🎒 Learning That Heals: Supporting Children in Adversity Through Holistic Approaches

“Miss, my stomach hurts again.”

The teacher didn’t send him to the nurse this time. She gently asked, “Do you want to tell me what’s really going on?”

After a pause, the 9-year-old whispered, “I miss my dad.”

That moment changed everything. Instead of a reprimand, he received understanding. Gradually, his stomachaches faded. He laughed again, focused again — and learned again.

This is what learning that heals looks like.

It’s not a new subject or a one-time workshop. It’s a mindset,  one where every interaction becomes a chance to restore trust and safety. Children who have lived through adversity don’t need tougher rules; they need steadier relationships.

A recent open-access study by Maloney et al. (2024) in Social and Emotional Learning: Research, Practice, and Policy describes exactly this kind of healing-centered education.

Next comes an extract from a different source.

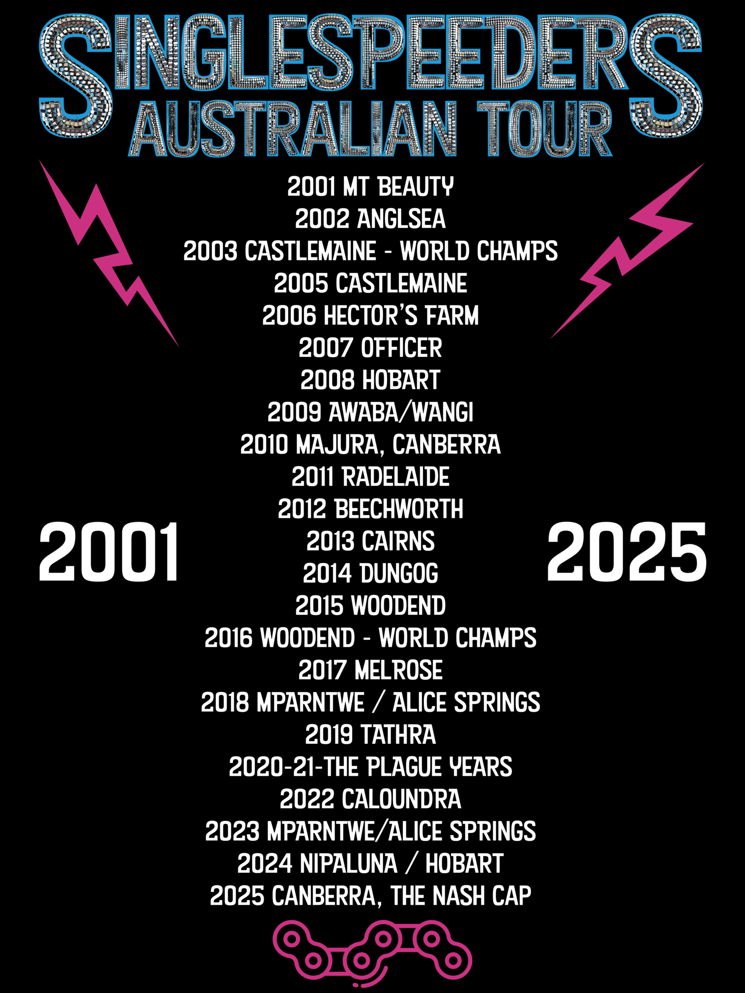 We have Magazine Babe and Australian Singlespeed Tour Tees available for sale or hire.

The researchers propose a Transformative Social and Emotional Learning (TSEL) + Trauma-Informed Practices in Schools (TIPS) framework — a practical “theory of action” that guides schools through three steps: awareness, assessment, and action.

Their case study from British Columbia shows what happens when schools, government, health services, and adolescents collaborate to put this into practice. Teachers learned to recognize trauma as an experience, not a label; policies prioritized belonging and consistency; and the results showed better student well-being and stronger relationships. The takeaway: healing-centered education is feasible, measurable, and deeply human.

Meanwhile, a 2024 review by Corinne Meier in the South African Journal of Childhood Education brings the science behind this approach to life. Her research explores how early childhood teachers in South Africa are redefining their pastoral role — using insights from neuroscience to understand how trauma reshapes young brains.

When children face neglect or violence, Meier explains, their developing brains can experience structural and chemical changes that affect emotion, memory, and learning. But teachers can help rewire these patterns. By fostering safety, empathy, and predictability in the classroom, they activate the brain’s plasticity — its ability to heal and grow through positive relationships.

Together, these studies remind us that education is never just academic. It’s biological, emotional, and profoundly relational. When teachers, policymakers, and funders invest in trauma-informed, emotionally intelligent systems, they aren’t just improving learning outcomes — they’re helping children rebuild trust in the world around them.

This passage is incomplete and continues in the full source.